In our model, called WPSO, particles are considered as celestial bodies, subject to the effect of gravity. A high density of particles causes the creation of a gravitational singularity called a wormhole. A particle falls into a wormhole if it crosses a boundary called the event horizon. It is then rejected into another region of space. Wormholes possess two interesting features. Firstly, a wormhole indicates a potential solution: the aggregation of particles around a particular spot reveals the existence of a local or optimal fitness value. Secondly, the presence of a wormhole avoids the premature convergence of the whole swarm since particles that are close to a previously explored region are redirected into another space region. A wormhole can then be seen as a mutation operator that dynamically preserves the diversity of the swarm.

The WPSO algorithm has been applied to the discovery of gene expression patterns in DNA microarrays. This new technology enables the simultaneous monitoring of the expression levels of thousands of genes in particular conditions (the effect of pathologies, drugs or stress, …). Large-scale experiments can be carried out to observe the co-expression of genes in order to better understand the underlying biological processes. An expression pattern is an expression profile common to a set of genes, characterizing a cancer signature or a biological function such as immune response or programmed cell death. Since these patterns correspond generally to dense regions of the expression measurements, our method is particularly well adapted.

The rest of the paper is organized as follows. Section 2 discusses related work; Section 3 describes the principle of PSO; Section 4 is devoted to the presentation of WPSO and a study of its performances; Section 5 deals with the application of WPSO to microarray data analysis. Finally a conclusion and some perspectives are presented in Section 6.

## 2. Related work

Evolutionary algorithms have been successfully applied to solve multimodal optimization problems. The concept of speciation has been inspired from the observation of biological evolution. Different species are in competition with each other in territories containing finite resources. These species tend to occupy different environmental niches.

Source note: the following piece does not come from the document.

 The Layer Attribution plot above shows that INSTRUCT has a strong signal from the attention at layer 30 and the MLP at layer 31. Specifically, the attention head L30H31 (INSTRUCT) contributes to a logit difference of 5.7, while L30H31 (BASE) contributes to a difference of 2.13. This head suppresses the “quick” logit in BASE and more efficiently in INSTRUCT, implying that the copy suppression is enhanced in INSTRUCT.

The Island model (Whitley et. al. 1998) is for instance a technique providing multiple subpopulations that helps to preserve genetic diversity. Niching methods have been incorporated in Genetic Algorithms to promote the formation and maintenance of subpopulations (Mahfoud 1995). Two kinds of approaches have been proposed: while parallel niching methods maintain several niches simultaneously, sequential niching methods apply iteratively a swarm on the search space to find multiple optima. Sequential Niching (Beasley et. al. 1993) is based on a derating function that operates on the fitness landscape at a position where a solution was found. Sharing (Goldberg 1987) is another mechanism for maintaining population diversity. The fitness of an individual is scaled by the number of similar individuals in order to penalize redundant solutions. This sharing function depends on the distance between individuals, which is a way to control the diversity of species. Deterministic Crowding (Mahfoud 1995) is a selection method that facilitates the formation of niches, these latter being maintained by an elitist scheme.

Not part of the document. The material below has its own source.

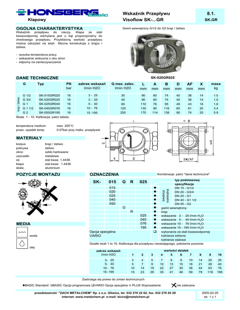 Wskaźnik Przepływu Visoflow SK-...GR Klapowy OGÓLNA CHARAKTERYSTYKA 8.1. SK.GR Gwint wewnętrzny G1/2 do G2 brąz / żeliwo Wskaźnik przepływu do cieczy. Klapa ze stali kwasoodpornej odchylana jest o kąt proporcjonalny do chwilowego przepływu. Przybliżoną wartość przepływu można odczytać na skali. Mocna konstrukcja z brązu i żeliwa. - wysoka temperatura pracy - wskazanie widoczne z obu stron - odporny na zanieczyszczenia DANE TECHNICZNE G Typ SK-020GR025 PN bar brąz / żeliwo G 1/2 16 SK-015GR025 G 3/4 16 SK-020GR025 G1 16 SK-025GR040 G 1 1/2 16 SK-040GR076 SK-050GR195 G2 16 Skala 1 - 10. Kalibracja: patrz tabela. temperatura medium przec. spadek temp. zakres wskazań l/min H2O 33510 - Q max. zalec. l/min H2O L mm A mm B mm D mm AF mm X mm masa kg 30 40 60 120 250 90 90 110 130 170 60 60 76 90 114 74 74 95 116 138 40 40 49 60 80 36 36 43 61 74 14 14 18 20 25 1.0 1.0 1.8 3.4 5.9 25 25 40 76 15 -195 max. 200°C 0.07bar przy maks. przepływie MATERIAŁY korpus pokrywa okno uszczelki oś klapa skala brąz / żeliwo żeliwo szkło hartowane metalowe stal kwas. 1.4436 stal kwas. 1.4436 aluminium POZYCJE MONTAŻU OZNACZENIA Kombinacje: patrz "dane techniczne" typ podstawowy specyfikacje z 015 DN 15 - G1/2 z 020 DN 20 - G3/4 z 025 DN 25 - G1 z 040 DN 40 - G1 1/2 z 050 DN 50 - G2 z gwint wewnętrzny G z brąz R z wskazanie 3 - 25 l/min H2O 025 z wskazanie 5 - 40 l/min H2O 040 z wskazanie 10 - 76 l/min H2O 076 z wskazanie 15 - 195 l/min H2O 195 wykonanie ze stali kwasoodpornej Opcja specjalna kołnierze żeliwne VARIO kołnierze stalowe Działki skali 1 to 10. Kalibracja dla przepływu narastającego, położenie poziome. 015 G R 025 średnica nominalna SK- MEDIA woda olej zakres wskazań l/min H2O 1 2 3 4 3- 25 5- 40 10- 76 15- 195 3 5 10 15 4 7 14 23 5 9 19 29 7 10 22 35 wartości działek 5 6 7 8 13 27 41 9 15 30 46 10 18 36 59 8 9 10 14 21 44 79 20 28 63 118 25 40 76 195 Zastrzega się prawo do zmian technicznych zBASIC Standard BASIC Opcja programowa VARIO Opcja specjalna ⊕ PLUS Wyposażenie przedstawiciel: "ZACH METALCHEM" Sp. z o.o. Gliwice, tel. 032 270 22 62, fax. 032 270 45 28 internet: www.metalchem.pl e-mail: [email protected] nie zalecane 2005-02-25 str. 1 z 1

PSO algorithm can easily be extended to perform multimodal optimization. An intuitive adaptation consists in restricting the social cognition of a particle. In the SPSO algorithm (Li 2004), species are created dynamically at each iteration according to the location of the particles. A species is determined by a neighborhood, defined by a representative particle and a radius specified by the user. In the UPSO algorithm, introduced by (Parsopoulos and Vrahatis 2004), the evolution of the particle velocity is controlled by two terms related to a global and a local neighborhood. The PVPSO method proposed by (Schoeman & Engelbrecht 2005) uses vector operations to determine the particles belonging to a niche. More precisely, dot products indicate if a particle converges on the neighbourhood-best of a given niche. Another parallel niching technique has been proposed in (
Brits.a et. al. 2002
). The NbestPSO algorithm is based on neighborhood-best defined for each particle *x*
_{
i
} as the center of the mass of the positions of all the particles in the topological neighborhood of *x*
_{
i
}. Instead of a radius, the neighborhood is defined by the *n* closest particles of *x*
_{
i
}. The same authors have implemented another niching algorithm, called NichePSO (
Brits.b et. al. 2002
). The initial swarm, called the main swarm, explores the search space using the cognition-only model (Kennedy 1997) allowing the particles to memorize their best position without exchanging any social information with their neighbors. Candidate solutions are identified by the convergence of the fitness of each particle. New sub-swarms are then created, characterized by a radius around the best particle in the sub-swarm. Sub-swarms can merge if they intersect and absorb particles from the main swarm when they cross the boundary of a sub-swarm. In (Özcan & Yılmaz 2007), the authors propose a modified version of NichePSO, called mNichePSO, that greatly improves the PSO performance by constraining the niche radius size to a predefined maximum value. The same work introduces a new algorithm called CSPSO based on a random walk and a hill climbing components. The hill climbing strategy consists in moving a particle to the position that generates a better fitness and the craziness component introduces random positions to further explore the space.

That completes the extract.